__EXERCISE MATERIALS__.
----

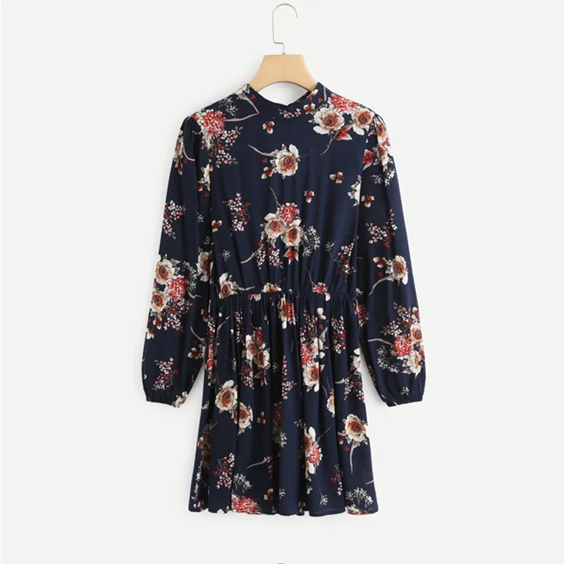 Autumn Floral Women Dress Multicolor Long Sleeve High Waist Loose
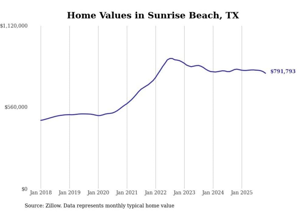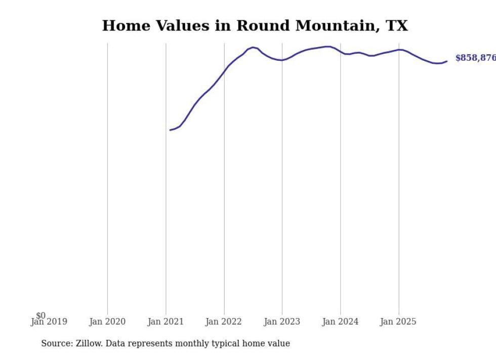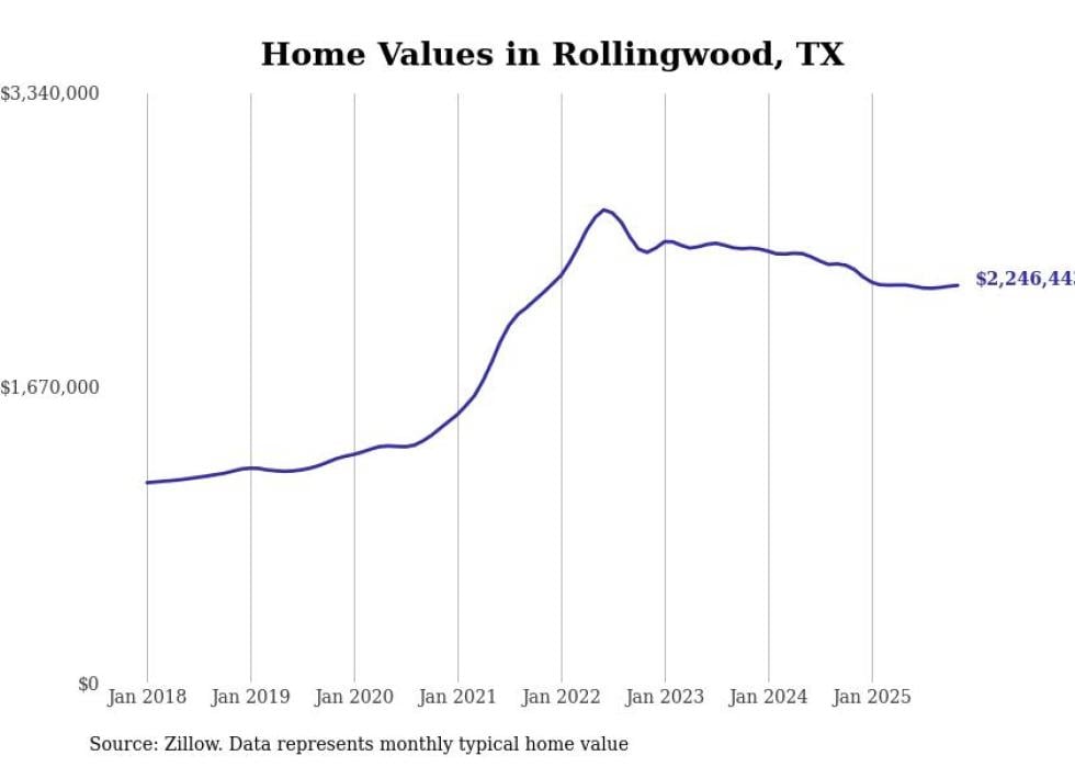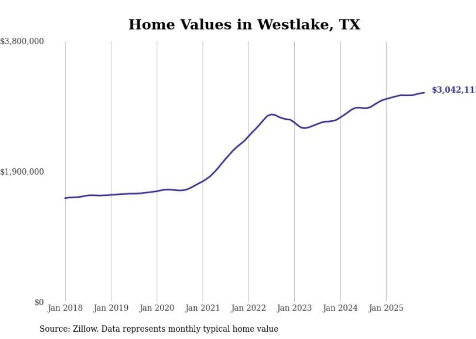 Stacker compiled a list of cities with the most expensive homes in Texas using data from Zillow. Cities are ranked by the Zillow Home Values Index for all homes as of November 2025. The charts in this story were created automatically using Matplotlib.
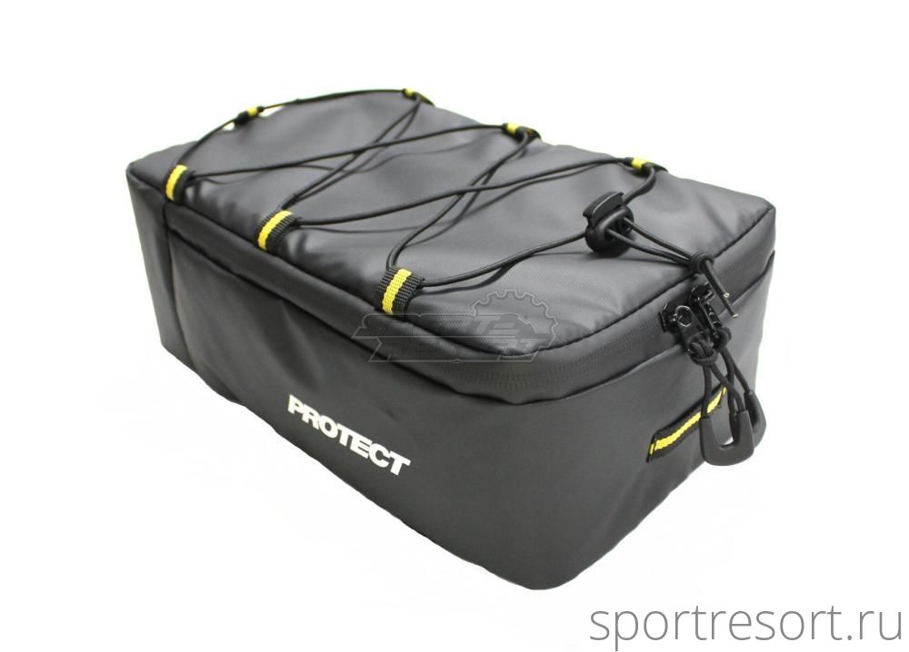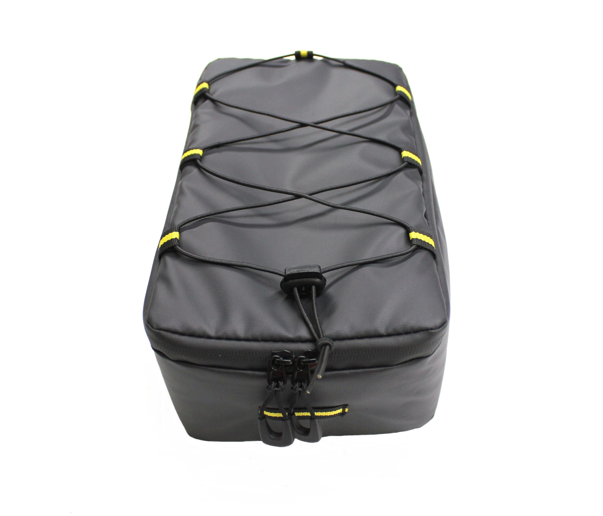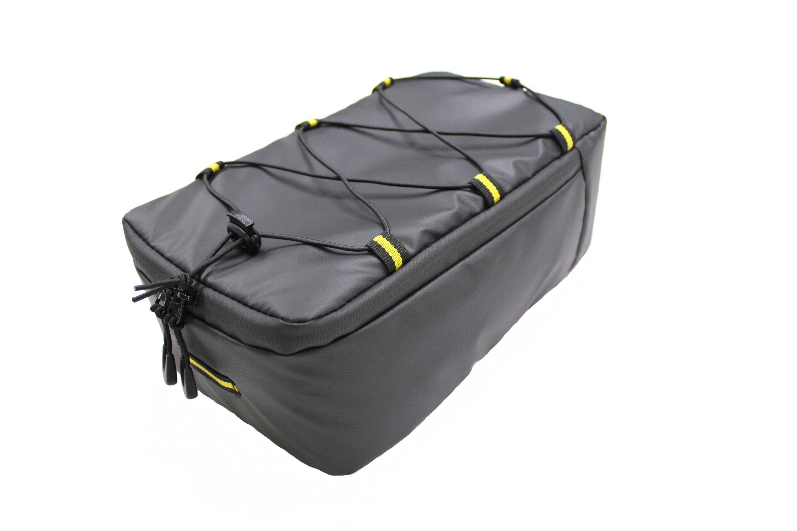 Велосумка на багажник — вместительная модель из качественного материала – ламинированный нейлон высокой плотности с водоотталкивающим покрытием. Основное отделение вместимость 5,9 литров, на крышке сумки стяжка из резинки для вспомогательного груза, с тыльных сторон находиться ручка переноска и крепление для фонаря.
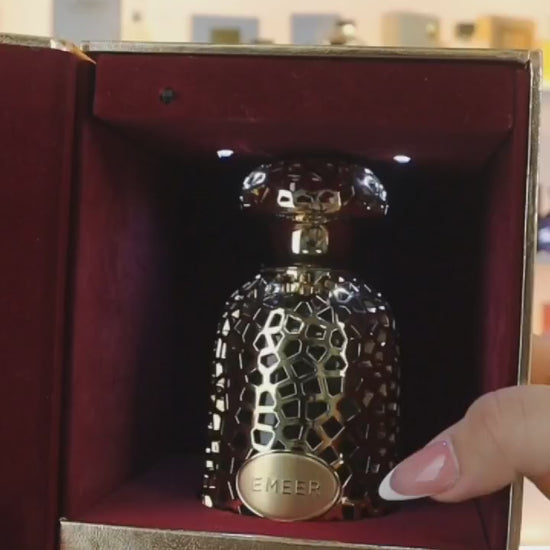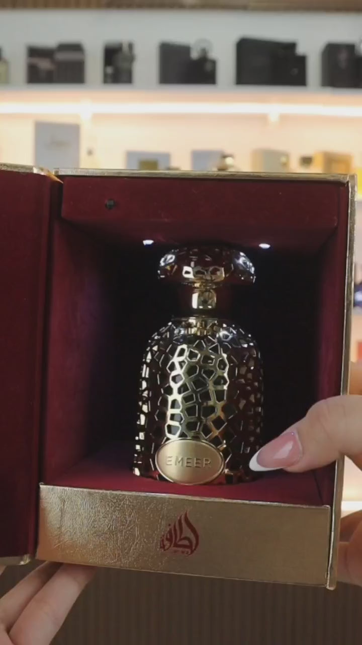 Emeer de Lattafa Perfumes es una fragancia de la familia olfativa Amaderada Aromática para Hombres y Mujeres. Esta fragrancia es nueva. Emeer se lanzó en 2024. Las Notas de Salida son limón (lima ácida), esclarea, bergamota y bayas de enebro; las Notas de Corazón son té Blanco, sándalo, cardamomo y incienso de olíbano (franquincienso); las Notas de Fondo son ámbar gris, cedro, cachemira y pachulí.
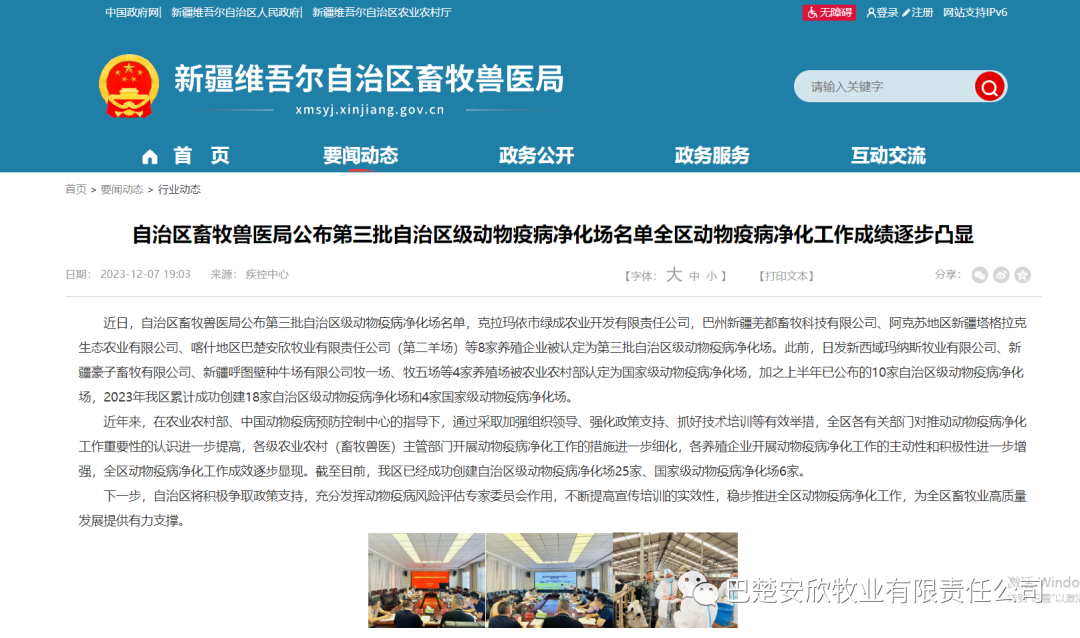 2023年12月,自治區(qū)畜牧獸醫(yī)局第三批自治區(qū)級動物疫病凈化場名單公布,巴楚公司第二羊場獲此殊榮。三年多來,在農(nóng)業(yè)農(nóng)村部、中國動物疫病預(yù)防控制中心的指導(dǎo)下,巴楚安欣通過采取加強(qiáng)組織管理、爭取政策支持、抓好技術(shù)培訓(xùn)等有效舉措,公司養(yǎng)殖場區(qū)對動物疫病凈化工作的措施進(jìn)一步細(xì)化,出色完成動物疫病凈化工作,提升全公司動物疫病防控整體水平,為全區(qū)動物疫病凈化工作積累成功經(jīng)驗(yàn)。安欣牧業(yè)必將不斷提高宣傳培訓(xùn)的實(shí)效性,穩(wěn)步推進(jìn)全區(qū)動物疫病凈化工作,為全區(qū)畜物業(yè)高質(zhì)量發(fā)展提供有力支撐。
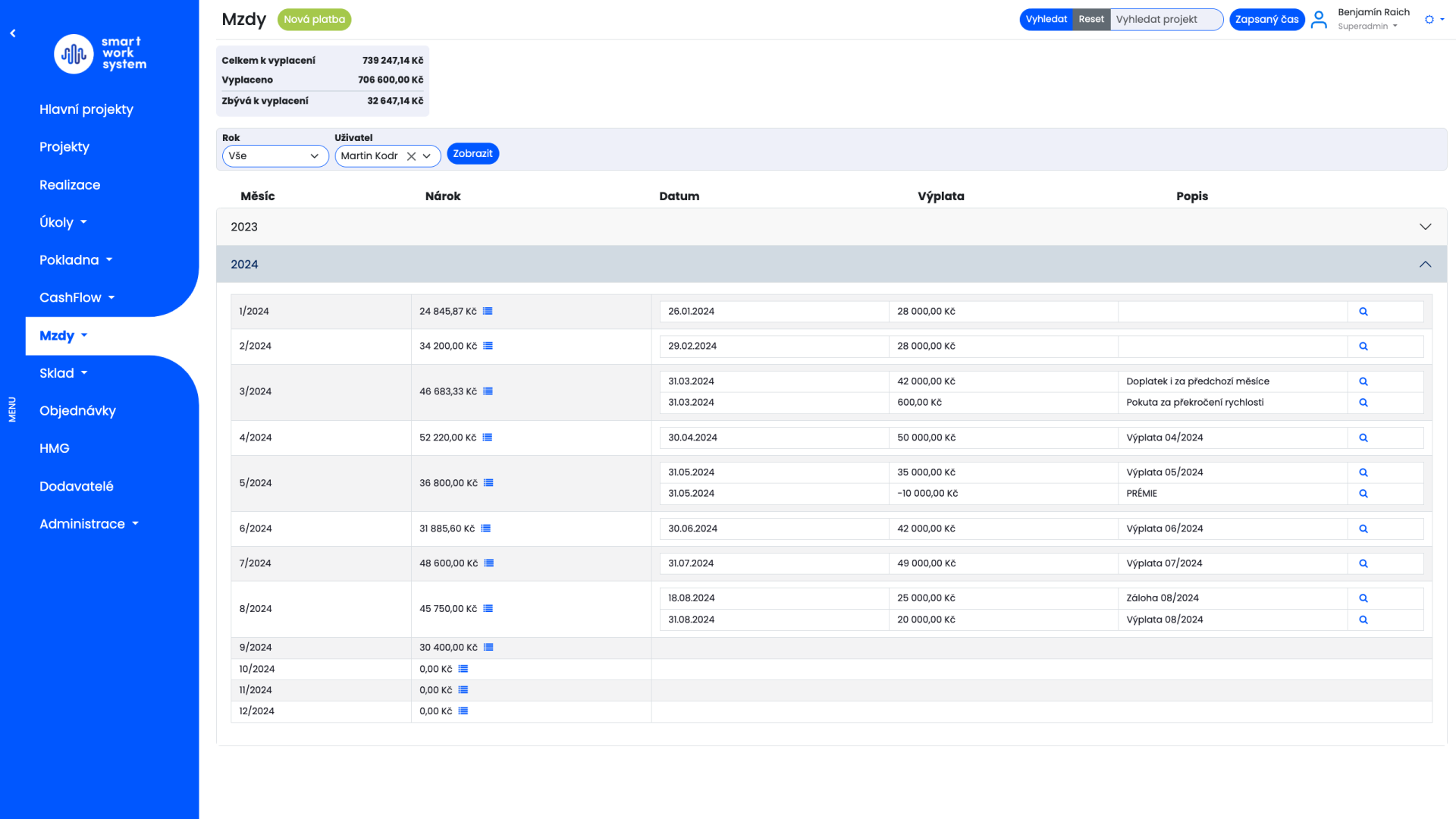 Jedním z největších přínosů softwaru SMART WORK SYSTEM je maximální zjednodušení administrativní práce, spojené s vypočítáváním mezd zaměstnanců.
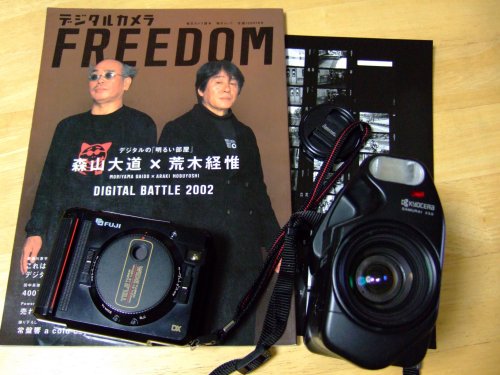 前回のかためのコラム、『世紀末の詩(うた)・1』を書いたあと、続きを書こうかと思って、西井一夫の『暗闇のレッスン』(みすず書房・1992年)や『20世紀写真論・終章』(青弓社・2001年)を読もうとしていたのだが、梅雨入り前だというのに、曇りや雨ばかり続く天気にやられ、読む気力が沸かないまま、ずるずると5月が終わった。 この1ヶ月、何をしていたかというと、愛用のハーフサイズカメラ(フジ・ツイングTW−3)と、500円で買ったジャンク品のハーフサイズカメラ(京セラ・サムライ×3.0)の電池交換をしていた。 たかが電池交換をするのにと思われたかもしれないが、実際問題、ひと月近くかかってしまったのだからしょうがない。 フジのツイングは、リチウム電池を使用する。しかし、このカメラが出た当時(1985年)、リチウム電池は市販されていない。 だから、このカメラは電池交換用の蓋(フタ)はなく、メーカーに持っていかなければ、電池交換ができない。 メーカーで交換してもらうと高くつきそうなので、自分で交換しようと思い、ホームセンターで半田鏝(ハンダゴテ)を買って、インターネット上で電池の種類を調べたり(市販のものが使えた)して、不器用(ぶきよう)な手つきで電池を半田付けをした。 京セラ・サムライが発売された頃(1989年)には、リチウム電池が発売されていたので、電池を開け、新しい電池を入れただけでサムライは動いた。 だが、なぜか、液晶画面にはバッテリ切れの警告が表示される。どこかにデート機能用の電池が別に入っているらしい。 これもインターネット上でかたっぱしから調べて、ようやく電池の入っている部分が判った。 京セラ・サムライ用に取り付けるレンズキャップとフィルタ(49ミリのものが使える)と電池を買いに、ひさしぶりに上野のヨドバシカメラへ行ってみると、カメラ売り場は2階に移っていた。 以前は、カメラとカメラ用品の売り場は1階と地下に分かれていたのだが、フィルムカメラの製造中止が相次いだため、売り場を縮小する形で2階へ追いやらてしまったようだ。 別に驚きはしなかったが、やはり、売り場のほとんどがデジタルカメラで占められ、フィルムカメラは片隅(かたすみ)に数台、コンパクトカメラが置かれているだけだった。 私自身は、フィルム写真がどうとこか、デジタル写真がこうとかいうことに対して、かなり無頓着で(むとんちゃく)で、あまり深く考えたことがない。 写真を撮影する人が、どんな目的で何を撮り、撮った写真をどうしたいのか、そうした意図が明確なら、自ずと撮影する機材が決まってくるはずで、また、撮影する人の意図が必ずしも明確でなくても、撮影していくうちに自分に合った機材というのが見つかるはずである。 結果的に、その機材がデジタルかフィルムかの違いだけではないかと。 ただ、デジタルカメラとほぼ同じ速度(スピード)で、著しく発展していくインターネットや携帯電話などの、情報伝達の場の多様化によって、写真を見る人間の思考パターンそのものが、デジタル化されてきているような危惧(きぐ)は持っていた。 自分自身が記憶している視覚情報と共通する写真に対しては、瞬時(しゅんじ)に反応するが、共通項のない写真にはまったく興味を示さない、未知の写真に対して「見る眼」を持たない、未知の写真を想像(イメージ)する力のない人たちが(私を含めて)、増えていると実感する。 (こうした部分は、意識してあまり深く考えないように、見て見ぬふりをしてきた) 帰ってきて、いつか捨てようと思っていながら、そのままほったらかしにしていた本や雑誌が入った段ボール箱を、押入れの奥から引っ張り出した。 お目当ての雑誌は、毎日ムック『デジタルカメラFREEDOM』(毎日新聞社・2002年)である。 飯沢耕太郎が『デジグラフィ』という言葉(定着しなかったが)を使う以前の、まだまだデジカメ黎明(れいめい)期だった頃の、森山大道と荒木経惟のデジカメ対談が掲載(けいさい)されているのだが、すでに二人はデジタルカメラの本質を捉えている。 『デジタルカメラFREEDOM』の対談の中で、荒木経惟は、よく彼が口にする「写真とは「死」(風景)である」という持論を展開し、「でも絶対に風景にならなそうだなぁって思うのが、このデジタルカメラだね」と発言している。 この後の二人の対話を抜粋(ばっすい)する(手抜きですみません)。 荒木 「写真っていうのは「死」だから。逆にデジタルは生きてる時間を撮るのにいいかもしんない。だから、デジタルカメラじゃ、写真は撮れない。そういうもんを撮るんじゃないんだよ」 森山 「むしろこう、被写界深度を感覚するっつうの。無茶苦茶深いじゃない。だって、わぁーっと寄れるし、引けるわけだから、その間にいろいろな何かがちょっと見えるよね」 荒木 「そうか」 森山 「写真とは違う意味でね。だから気になる。その見えない世界がさ」 荒木 「じゃ、そうだ。「空の間」だ。デジタルは空間。うちらは「時の間」、時空だから

----

__THE TASK__.
Drop the pictures and set down the data above exactly.

__SOLUTION TO THE PROBLEM__.
 Autumn Floral Women Dress Multicolor Long Sleeve High Waist Loose
 Stacker compiled a list of cities with the most expensive homes in Texas using data from Zillow. Cities are ranked by the Zillow Home Values Index for all homes as of November 2025. The charts in this story were created automatically using Matplotlib.
 Велосумка на багажник — вместительная модель из качественного материала – ламинированный нейлон высокой плотности с водоотталкивающим покрытием. Основное отделение вместимость 5,9 литров, на крышке сумки стяжка из резинки для вспомогательного груза, с тыльных сторон находиться ручка переноска и крепление для фонаря.
 Emeer de Lattafa Perfumes es una fragancia de la familia olfativa Amaderada Aromática para Hombres y Mujeres. Esta fragrancia es nueva. Emeer se lanzó en 2024. Las Notas de Salida son limón (lima ácida), esclarea, bergamota y bayas de enebro; las Notas de Corazón son té Blanco, sándalo, cardamomo y incienso de olíbano (franquincienso); las Notas de Fondo son ámbar gris, cedro, cachemira y pachulí.
 2023年12月,自治區(qū)畜牧獸醫(yī)局第三批自治區(qū)級動物疫病凈化場名單公布,巴楚公司第二羊場獲此殊榮。三年多來,在農(nóng)業(yè)農(nóng)村部、中國動物疫病預(yù)防控制中心的指導(dǎo)下,巴楚安欣通過采取加強(qiáng)組織管理、爭取政策支持、抓好技術(shù)培訓(xùn)等有效舉措,公司養(yǎng)殖場區(qū)對動物疫病凈化工作的措施進(jìn)一步細(xì)化,出色完成動物疫病凈化工作,提升全公司動物疫病防控整體水平,為全區(qū)動物疫病凈化工作積累成功經(jīng)驗(yàn)。安欣牧業(yè)必將不斷提高宣傳培訓(xùn)的實(shí)效性,穩(wěn)步推進(jìn)全區(qū)動物疫病凈化工作,為全區(qū)畜物業(yè)高質(zhì)量發(fā)展提供有力支撐。
 Jedním z největších přínosů softwaru SMART WORK SYSTEM je maximální zjednodušení administrativní práce, spojené s vypočítáváním mezd zaměstnanců.
 前回のかためのコラム、『世紀末の詩(うた)・1』を書いたあと、続きを書こうかと思って、西井一夫の『暗闇のレッスン』(みすず書房・1992年)や『20世紀写真論・終章』(青弓社・2001年)を読もうとしていたのだが、梅雨入り前だというのに、曇りや雨ばかり続く天気にやられ、読む気力が沸かないまま、ずるずると5月が終わった。 この1ヶ月、何をしていたかというと、愛用のハーフサイズカメラ(フジ・ツイングTW−3)と、500円で買ったジャンク品のハーフサイズカメラ(京セラ・サムライ×3.0)の電池交換をしていた。 たかが電池交換をするのにと思われたかもしれないが、実際問題、ひと月近くかかってしまったのだからしょうがない。 フジのツイングは、リチウム電池を使用する。しかし、このカメラが出た当時(1985年)、リチウム電池は市販されていない。 だから、このカメラは電池交換用の蓋(フタ)はなく、メーカーに持っていかなければ、電池交換ができない。 メーカーで交換してもらうと高くつきそうなので、自分で交換しようと思い、ホームセンターで半田鏝(ハンダゴテ)を買って、インターネット上で電池の種類を調べたり(市販のものが使えた)して、不器用(ぶきよう)な手つきで電池を半田付けをした。 京セラ・サムライが発売された頃(1989年)には、リチウム電池が発売されていたので、電池を開け、新しい電池を入れただけでサムライは動いた。 だが、なぜか、液晶画面にはバッテリ切れの警告が表示される。どこかにデート機能用の電池が別に入っているらしい。 これもインターネット上でかたっぱしから調べて、ようやく電池の入っている部分が判った。 京セラ・サムライ用に取り付けるレンズキャップとフィルタ(49ミリのものが使える)と電池を買いに、ひさしぶりに上野のヨドバシカメラへ行ってみると、カメラ売り場は2階に移っていた。 以前は、カメラとカメラ用品の売り場は1階と地下に分かれていたのだが、フィルムカメラの製造中止が相次いだため、売り場を縮小する形で2階へ追いやらてしまったようだ。 別に驚きはしなかったが、やはり、売り場のほとんどがデジタルカメラで占められ、フィルムカメラは片隅(かたすみ)に数台、コンパクトカメラが置かれているだけだった。 私自身は、フィルム写真がどうとこか、デジタル写真がこうとかいうことに対して、かなり無頓着で(むとんちゃく)で、あまり深く考えたことがない。 写真を撮影する人が、どんな目的で何を撮り、撮った写真をどうしたいのか、そうした意図が明確なら、自ずと撮影する機材が決まってくるはずで、また、撮影する人の意図が必ずしも明確でなくても、撮影していくうちに自分に合った機材というのが見つかるはずである。 結果的に、その機材がデジタルかフィルムかの違いだけではないかと。 ただ、デジタルカメラとほぼ同じ速度(スピード)で、著しく発展していくインターネットや携帯電話などの、情報伝達の場の多様化によって、写真を見る人間の思考パターンそのものが、デジタル化されてきているような危惧(きぐ)は持っていた。 自分自身が記憶している視覚情報と共通する写真に対しては、瞬時(しゅんじ)に反応するが、共通項のない写真にはまったく興味を示さない、未知の写真に対して「見る眼」を持たない、未知の写真を想像(イメージ)する力のない人たちが(私を含めて)、増えていると実感する。 (こうした部分は、意識してあまり深く考えないように、見て見ぬふりをしてきた) 帰ってきて、いつか捨てようと思っていながら、そのままほったらかしにしていた本や雑誌が入った段ボール箱を、押入れの奥から引っ張り出した。 お目当ての雑誌は、毎日ムック『デジタルカメラFREEDOM』(毎日新聞社・2002年)である。 飯沢耕太郎が『デジグラフィ』という言葉(定着しなかったが)を使う以前の、まだまだデジカメ黎明(れいめい)期だった頃の、森山大道と荒木経惟のデジカメ対談が掲載(けいさい)されているのだが、すでに二人はデジタルカメラの本質を捉えている。 『デジタルカメラFREEDOM』の対談の中で、荒木経惟は、よく彼が口にする「写真とは「死」(風景)である」という持論を展開し、「でも絶対に風景にならなそうだなぁって思うのが、このデジタルカメラだね」と発言している。 この後の二人の対話を抜粋(ばっすい)する(手抜きですみません)。 荒木 「写真っていうのは「死」だから。逆にデジタルは生きてる時間を撮るのにいいかもしんない。だから、デジタルカメラじゃ、写真は撮れない。そういうもんを撮るんじゃないんだよ」 森山 「むしろこう、被写界深度を感覚するっつうの。無茶苦茶深いじゃない。だって、わぁーっと寄れるし、引けるわけだから、その間にいろいろな何かがちょっと見えるよね」 荒木 「そうか」 森山 「写真とは違う意味でね。だから気になる。その見えない世界がさ」 荒木 「じゃ、そうだ。「空の間」だ。デジタルは空間。うちらは「時の間」、時空だから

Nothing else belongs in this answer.